Rezension: Serge Latouche „Es reicht!“, München 2015
Sehr viele Menschen sind sich der Maßlosigkeit bewusst, auf der unser Lebensstil mit seinen verheerenden Folgen beruht. Dennoch ändert sich bislang noch viel zu wenig. Serge Latouche geht mit dieser Kalamität in seinem Buch „Es reicht! - Abrechnung mit dem Wachstumswahn“ darum zuweilen hart ins Gericht.
Unser derzeit meist vorherrschendes Wirtschaftssystem ist auf dauerndes Wachstum angewiesen wie ein Lebewesen auf seine Nahrung. Weil das so ist, wird man eine Wachstumsrücknahme systemkompatibel nicht realisieren können. Es muss sich alles ändern! Degrowth wird darum radikal als neues Gesellschaftsmodell vorgestellt, das jetzt seinen Platz finden muss, weil wir Menschen ansonsten dem Ende unserer Zivilisation höchstselbst den Weg bereiten.

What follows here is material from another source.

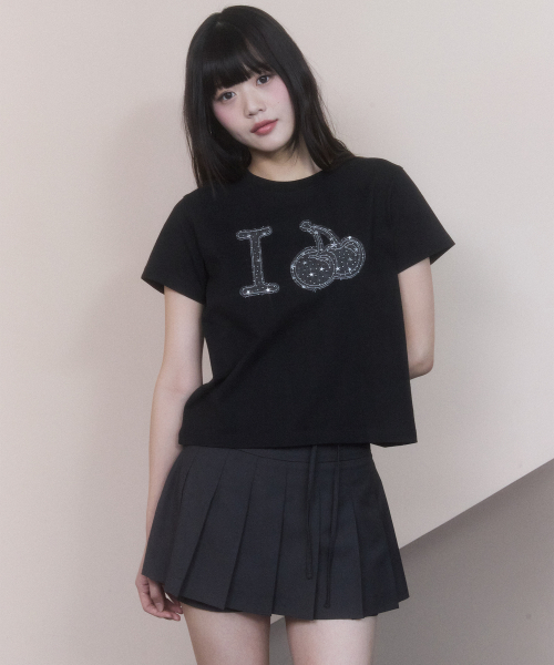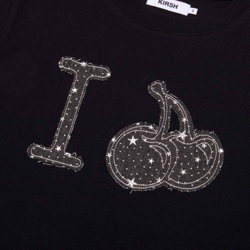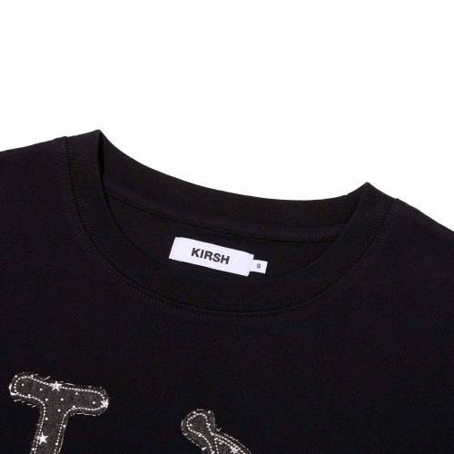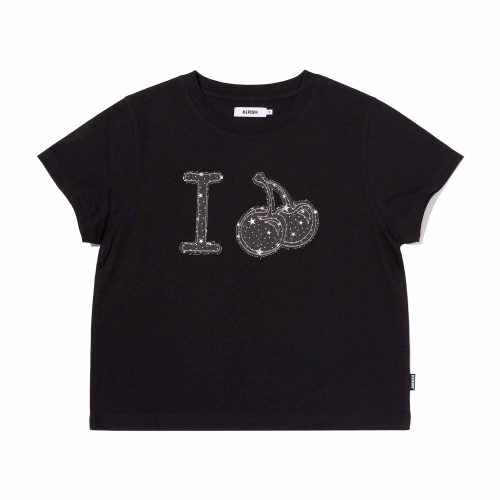 아이러브 키르시 데님 아플리케 크롭 티셔츠 [블랙]

Die Begrenztheit der Welt wird mit zuweilen beängstigender Klarheit vor Augen geführt. Die Fläche der Erde, die künstliche Verknappung von allem und jedem ebenso wie der geschürte Überkonsum – in allen Bereichen führen die Entwicklungen in bedenkliche Richtungen. Aber im Blick auf Weltregionen, die von den Folgen des prassenden Lebensstils bereits hart getroffen wurden, können auch neue Fähigkeiten entdeckt werden. Latouche fast das im Begriff „Bricolage“ (Frickelei, Gebastel) zusammen, und beschreibt, wie Menschen in Afrika „am Rande des Weltmarktgeschehens ein komplettes Leben aufzubauen“ in der Lage sind, indem sie ideenreich weiter- und wiederverwenden, was viele Nordhemissphärler als Abfall und Schrott entsorgen würden. Selbstverständlich, davon können und sollten wir lernen!
Wir alle könnten die Qualität unseres Lebens steigern, wenn wir nur mit der zunehmend freien Zeit besser umgingen. Der Anteil der Lebenszeit, der für die Erwerbsarbeit aufgewendet wird, ist seit dem Ende des zweiten großen Krieges von einem Drittel auf weniger als einem Fünftel geschrumpft. Statt den Versuchungen der Freizeitindustrie zu erliegen, könnten wir kulturell Sinnvolles tun. Serge Latouche konzentriert das auf seine wunderbare Aussage „Die Realisierung einer Degrowth-Gesellschaft erfordert in meinen Augen notwendigerweise eine Wiederverzauberung der Welt“. Die „Möglichkeit des Staunens vor den Gaben des „Schöpfers“ und den kunsthandwerklichen Fähigkeiten der menschlichen Geschicklichkeit“ gilt es vor den Auswüchsen der entfesselten Überfluss-Welt zu bewahren. Degrowth bedeutet nicht Darben im Mangel, sondern Zugänglichkeit resilienten Glücks.
In dem sehr lesenswerten Buch werden zahlreiche, bzw. nahezu alle Fakten, mindestens kurz, erwähnt und behandelt, auf denen die Argumentationen der Degrowth-Aktiven beruhen. Möglicherweise sitzt Latouche aber einem Missverständnis auf, wenn er beklagt: „Die technologische, prometheische Weltsicht, der zufolge wir das Universum nach unserem Gutdünken umgestalten können, ist eine Missachtung der Welt und des Seins.“, denn die Freiheit in Einsicht und Tat des Menschen ist es doch, an die auch er appelliert. Der Buchtitel „Es reicht!“ kann als Ausdruck des Protestes verstanden werden, aber auch als Erkenntnis eines Menschen, der verstanden hat, was genug ist, um glücklich zu sein. Beides, das spricht aus dem Buch, trifft auf den Autor Serge Latouche zu.